[PROBLEM REQUIREMENTS] Without copying any picture, transcribe exactly the lines of the data below from the one containing "Her i Åndalsnes" through the one containing "Red Moon Over Stormy Sea".
### DATA EXTRACTS ###
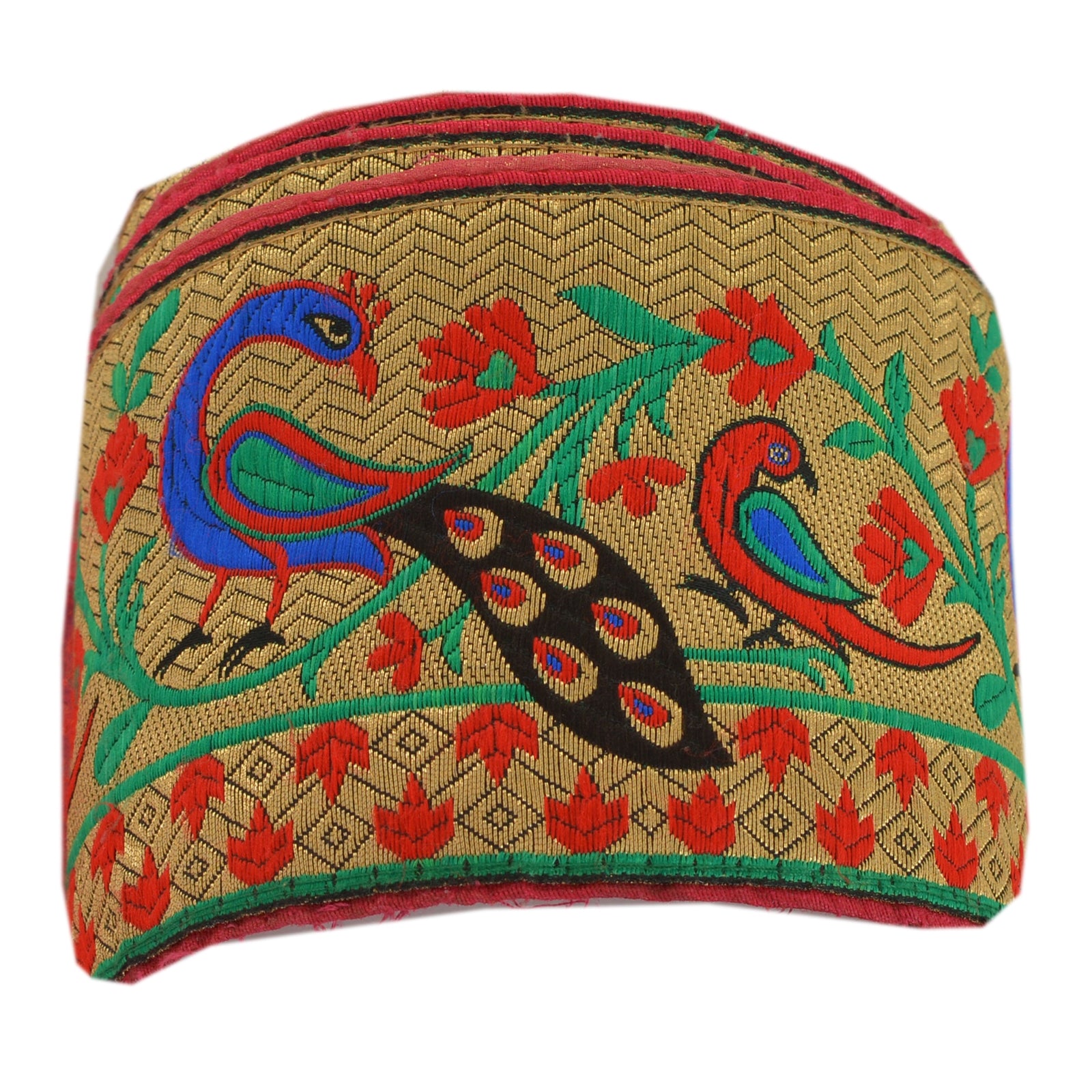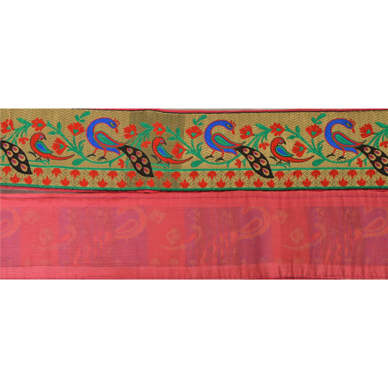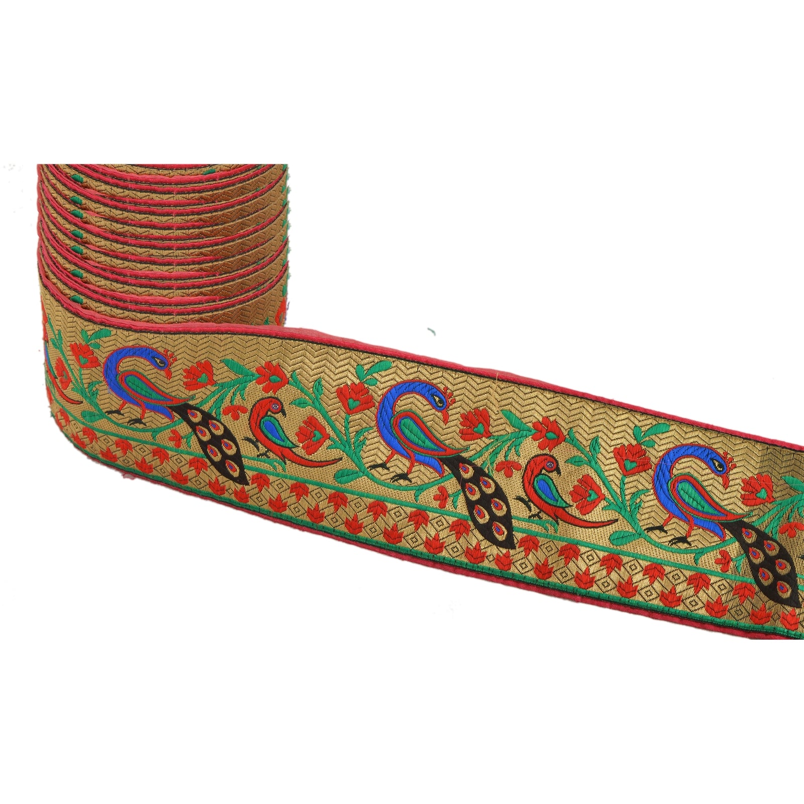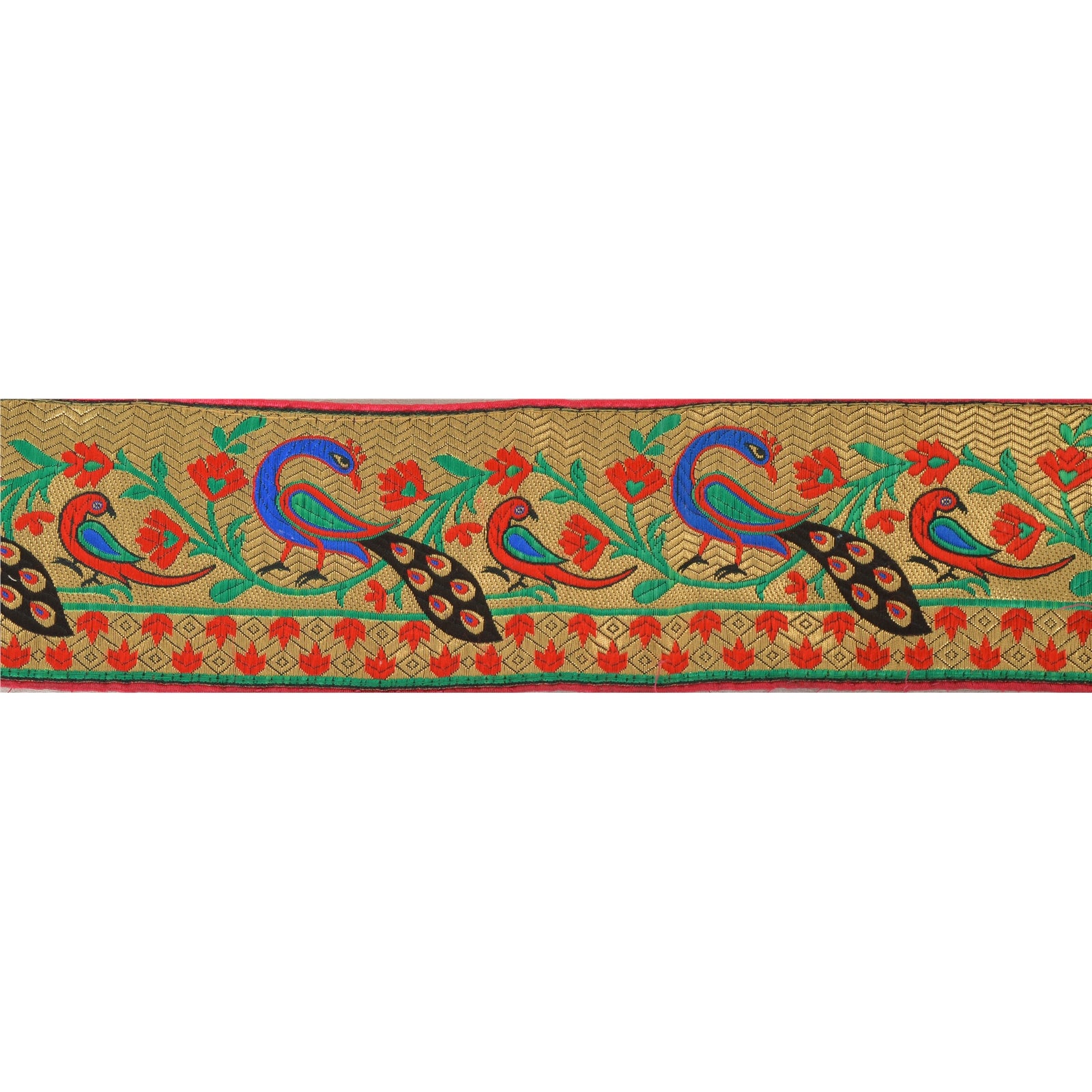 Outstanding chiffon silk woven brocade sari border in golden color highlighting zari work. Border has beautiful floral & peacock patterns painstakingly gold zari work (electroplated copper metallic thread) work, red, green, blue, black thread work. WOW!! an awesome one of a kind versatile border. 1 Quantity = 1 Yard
###
### DATA EXTRACTS ###
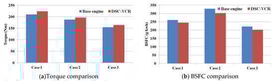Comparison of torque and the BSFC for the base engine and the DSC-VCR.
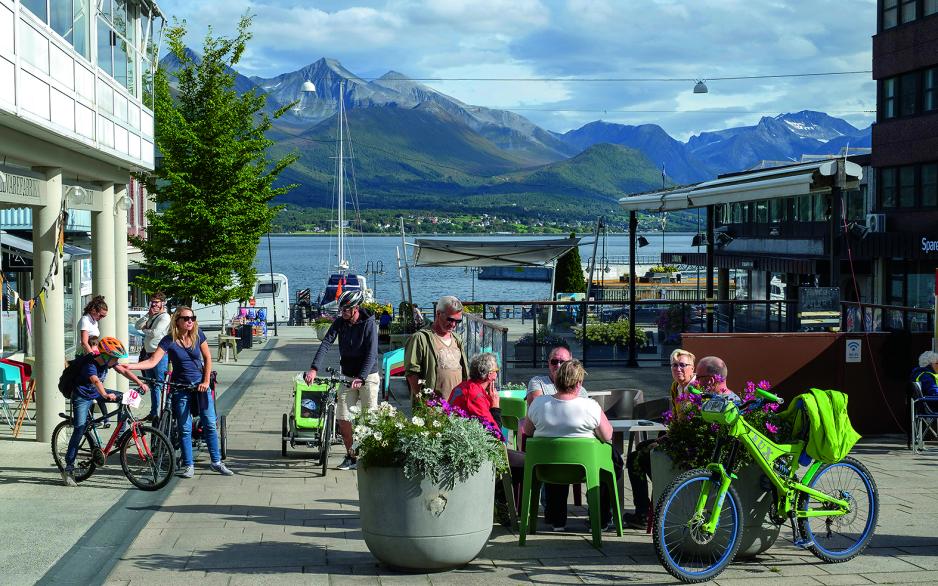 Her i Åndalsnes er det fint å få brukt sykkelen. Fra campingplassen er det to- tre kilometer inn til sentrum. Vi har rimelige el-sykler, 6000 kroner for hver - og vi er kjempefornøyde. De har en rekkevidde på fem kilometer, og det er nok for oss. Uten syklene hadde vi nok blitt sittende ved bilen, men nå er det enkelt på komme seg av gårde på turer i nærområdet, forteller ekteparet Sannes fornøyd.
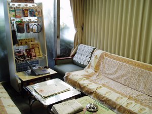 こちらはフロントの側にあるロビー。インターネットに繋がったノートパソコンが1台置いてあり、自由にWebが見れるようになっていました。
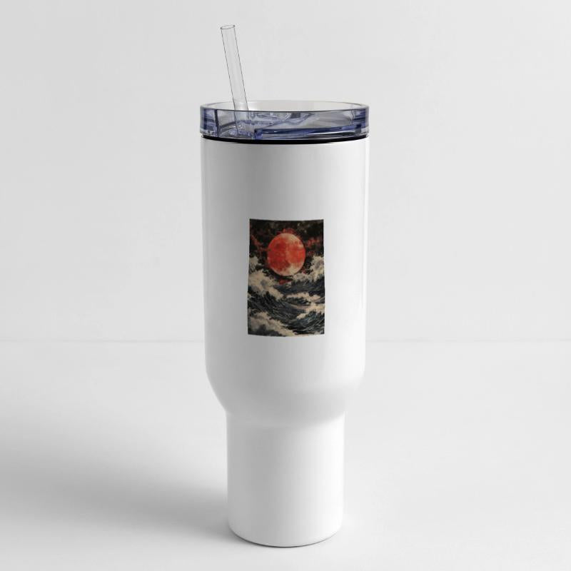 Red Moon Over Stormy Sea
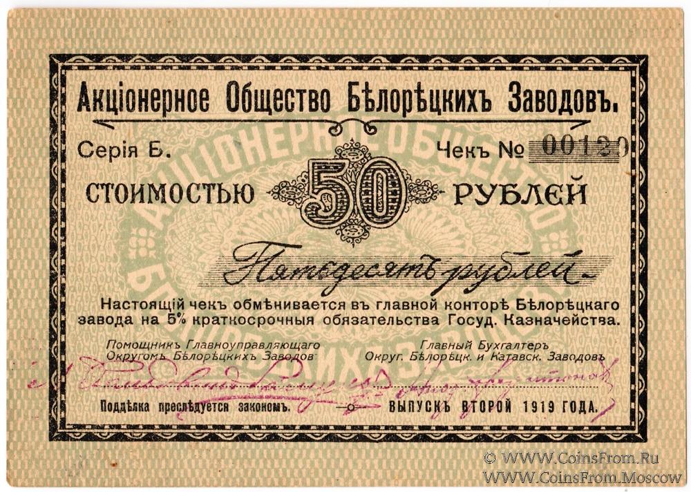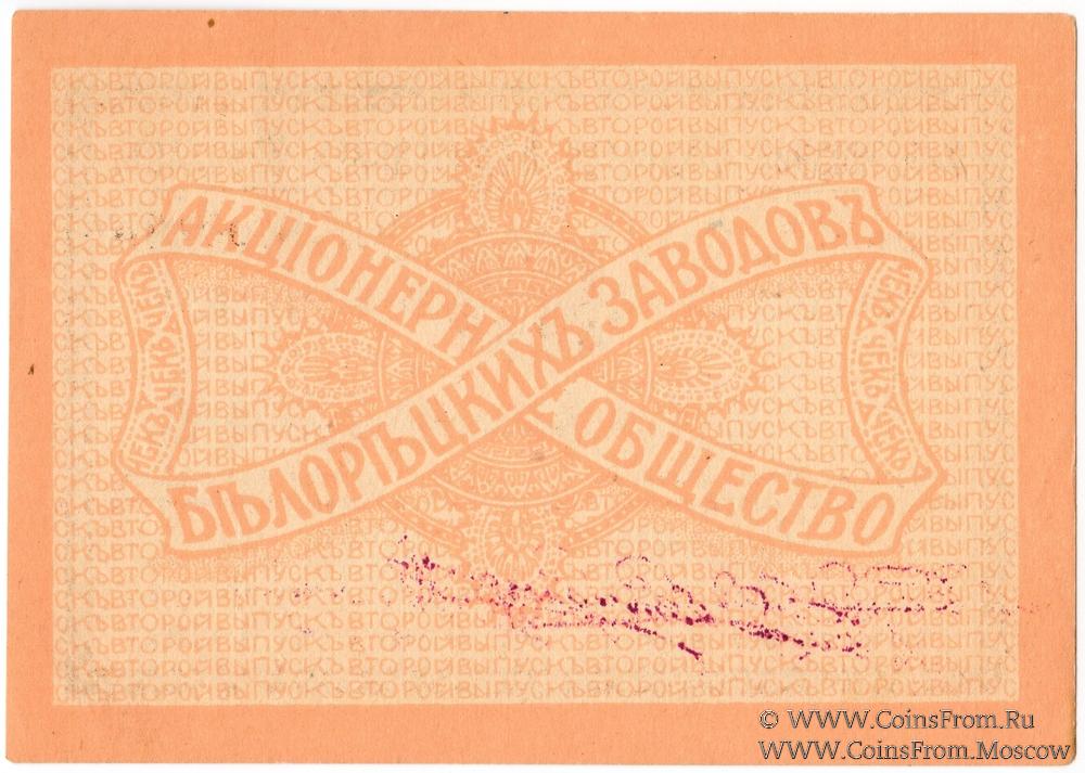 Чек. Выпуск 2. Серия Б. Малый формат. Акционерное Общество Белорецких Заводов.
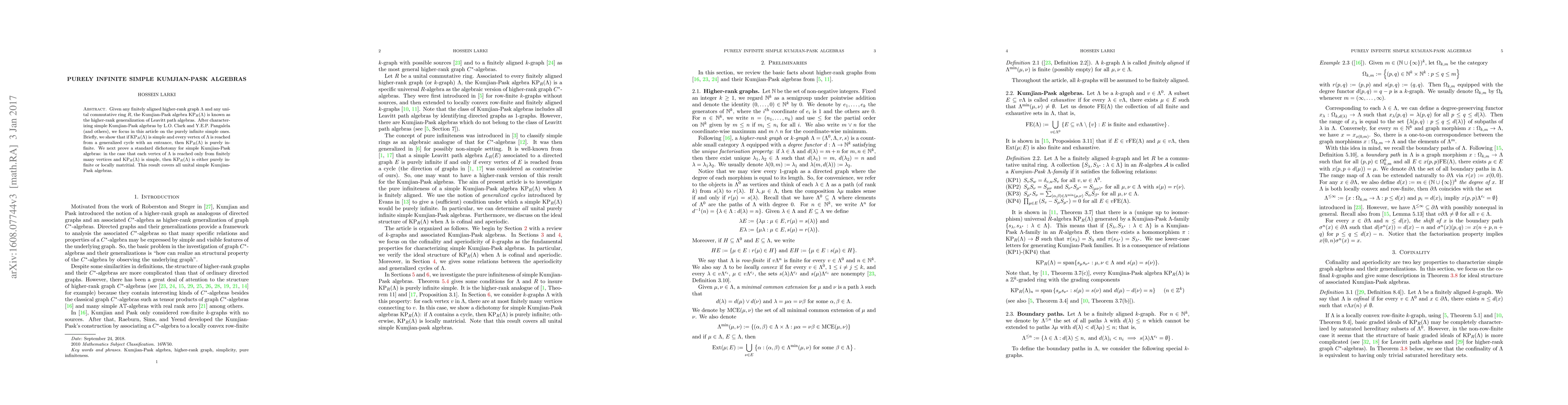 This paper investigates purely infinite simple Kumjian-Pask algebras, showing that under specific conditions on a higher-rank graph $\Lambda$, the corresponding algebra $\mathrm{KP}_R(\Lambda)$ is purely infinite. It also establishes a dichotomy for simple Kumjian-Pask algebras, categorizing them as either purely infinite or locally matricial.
###
### DATA EXTRACTS ###
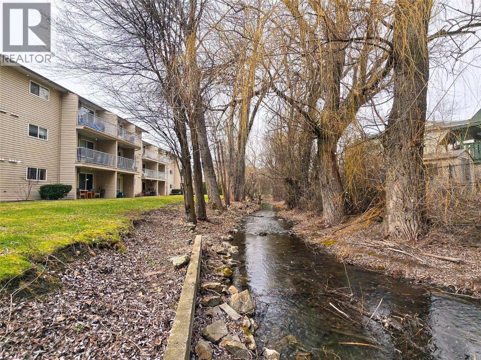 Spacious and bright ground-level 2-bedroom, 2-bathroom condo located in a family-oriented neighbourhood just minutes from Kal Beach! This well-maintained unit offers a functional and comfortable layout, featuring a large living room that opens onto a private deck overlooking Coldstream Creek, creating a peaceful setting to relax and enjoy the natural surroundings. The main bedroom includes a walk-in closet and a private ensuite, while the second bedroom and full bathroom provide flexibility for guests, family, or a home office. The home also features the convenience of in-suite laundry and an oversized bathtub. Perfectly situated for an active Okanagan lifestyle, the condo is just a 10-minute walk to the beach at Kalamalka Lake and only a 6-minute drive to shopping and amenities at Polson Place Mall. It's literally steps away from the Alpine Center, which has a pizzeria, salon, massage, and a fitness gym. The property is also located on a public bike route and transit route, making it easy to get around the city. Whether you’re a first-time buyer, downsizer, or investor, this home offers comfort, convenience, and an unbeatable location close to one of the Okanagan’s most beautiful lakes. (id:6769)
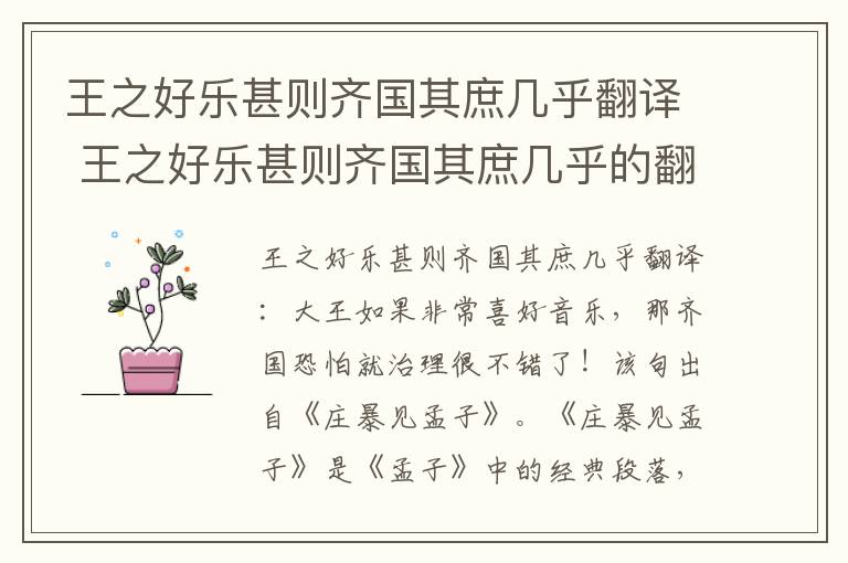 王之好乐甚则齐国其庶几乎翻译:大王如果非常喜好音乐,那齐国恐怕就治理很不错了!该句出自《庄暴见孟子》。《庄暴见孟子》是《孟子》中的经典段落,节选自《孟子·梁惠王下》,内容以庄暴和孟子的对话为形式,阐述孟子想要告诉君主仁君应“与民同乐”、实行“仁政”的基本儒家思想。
###
[RESULT OF THE EXERCISE]
 Her i Åndalsnes er det fint å få brukt sykkelen. Fra campingplassen er det to- tre kilometer inn til sentrum. Vi har rimelige el-sykler, 6000 kroner for hver - og vi er kjempefornøyde. De har en rekkevidde på fem kilometer, og det er nok for oss. Uten syklene hadde vi nok blitt sittende ved bilen, men nå er det enkelt på komme seg av gårde på turer i nærområdet, forteller ekteparet Sannes fornøyd.
 こちらはフロントの側にあるロビー。インターネットに繋がったノートパソコンが1台置いてあり、自由にWebが見れるようになっていました。
 Red Moon Over Stormy Sea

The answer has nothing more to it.